ADVERSE REACTIONS Hypoglycemia: See PRECAUTIONS and OVERDOSAGE Sections. Gastrointestinal Reactions: Cholestatic jaundice and hepatitis may occur rarely which may progress to liver failure; Diaβeta should be discontinued if this occurs. Liver function abnormalities, including isolated transaminase elevations, have been reported. Gastrointestinal disturbances, e.g., nausea, epigastric fullness, and heartburn, are the most common reactions and occur in 1.8% of treated patients. They tend to be dose-related and may disappear when dosage is reduced. Dermatologic Reactions: Allergic skin reactions, e.g., pruritus, erythema, urticaria, and morbilliform or maculopapular eruptions, occur in 1.5% of treated patients. These may be transient and may disappear despite continued use of Diaβeta. Bullous reactions, erythema multiforme, and exfoliative dermatitis, have been reported. If skin reactions persist, the drug should be discontinued. Porphyria cutanea tarda and photosensitivity reactions have been reported with sulfonylureas. Hematologic Reactions: Leukopenia, agranulocytosis, thrombocytopenia, which occasionally may present as purpura, hemolytic anemia, aplastic anemia, and pancytopenia have been reported with sulfonylureas. Metabolic Reactions: Hepatic porphyria reactions have been reported with sulfonylureas; however, these have not been reported with Diaβeta. Disulfiram-like reactions have been reported very rarely with Diaβeta. Cases of hyponatremia have been reported with glyburide and all other sulfonylureas, most often in patients who are on other medications or have medical conditions known to cause hyponatremia or increase release of antidiuretic hormone. The syndrome of inappropriate antidiuretic hormone (SIADH) secretion has been reported with certain other sulfonylureas, and it has been suggested that these sulfonylureas may augment the peripheral (antidiuretic) action of ADH and/or increase release of ADH. Diaβeta can cause weight gain. Other Reactions: Changes in accommodation and/or blurred vision have been reported with glyburide and other sulfonylureas.
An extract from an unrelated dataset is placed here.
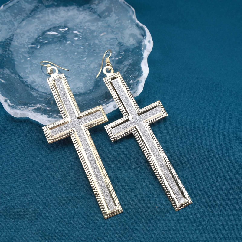 Aneneiceera Boho Large Cross Earrings Gold Large Cross Drop Earrings Cross Dangle Earrings Statement Shinny Nightclub Prom Earrings Jewellery Gifts for Women and Girls, Metal
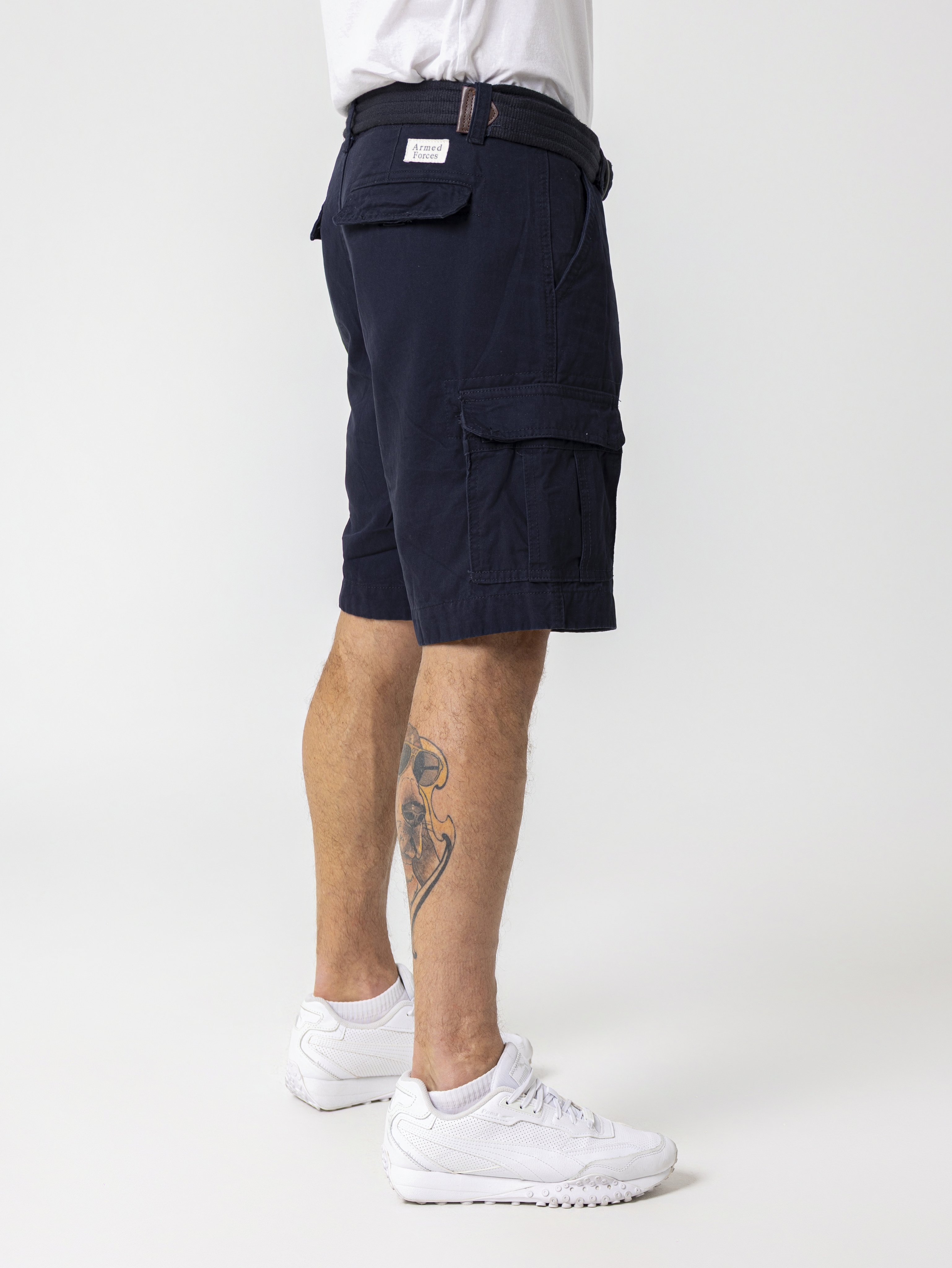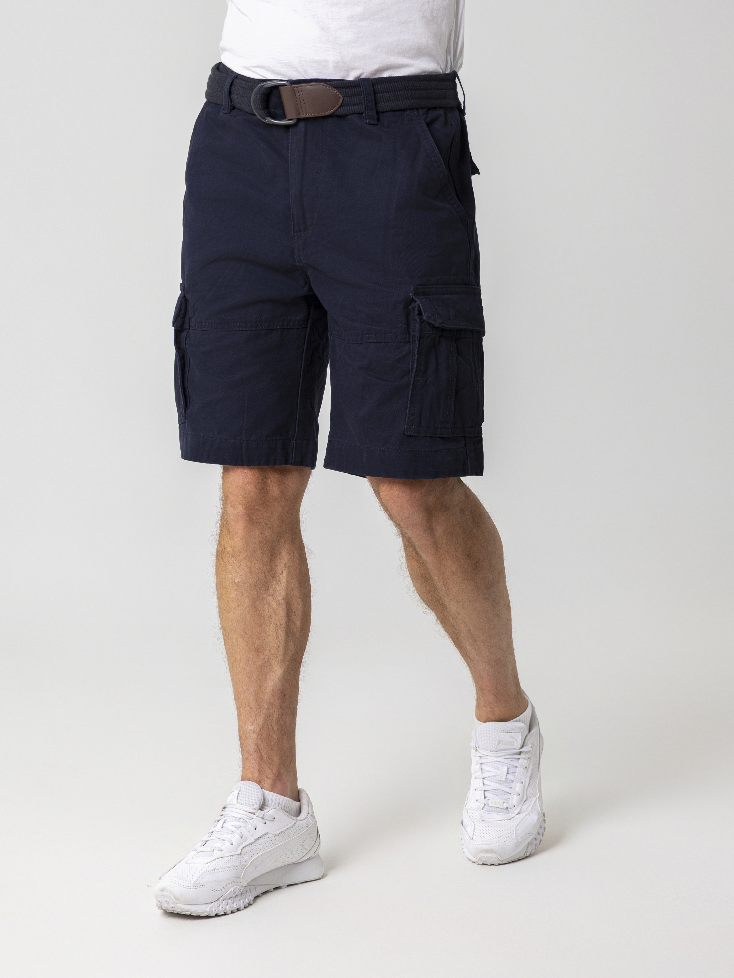 Мужские карго-шорты в стиле милитари от бренда Armed Forces - отличный выбор для комфортного времяпрепровождения в жаркое время года. Шорты сделаны из качественного плотного хлопка. В них не будет жарко или холодно, они прекрасно дышат, быстро сохнут и почти не мнутся. Шорты дополнены большим количеством карманов для хранения личных вещей - два прорезных и два накладных кармана спереди, а также два накладных кармана на пуговицах сзади. В комплекте с шортами идёт текстильный ремень в цвет брюк со вставками из искусственной кожи. Шорты надежно застегиваются на пуговицу и металлическую молнию.Внутри есть шнурки для затяжки. Данные шорты комфортно сидят на любом типе фигуры и благодаря широкому размерному ряду подойдут как взрослому, так и подростку.

These are thought to be related to fluctuation in glucose levels. In addition to dermatologic reactions, allergic reactions such as angioedema, arthralgia, myalgia and vasculitis have been reported.

Contraindications

CONTRAINDICATIONS Diaβeta is contraindicated in patients: With known hypersensitivity to the drug or any of its excipients. With type 1 diabetes mellitus or diabetic ketoacidosis, with or without coma. These conditions should be treated with insulin. Treated with bosentan.

Nursing Mothers

Nursing Mothers Although it is not known whether Diaβeta is excreted in human milk, some sulfonylureas are known to be excreted in human milk. Because the potential for hypoglycemia in nursing infants may exist, a decision should be made whether to discontinue nursing or to discontinue administering the drug, taking into account the importance of the drug to the mother. If Diaβeta is discontinued and if diet alone is inadequate for controlling blood glucose, insulin therapy should be considered.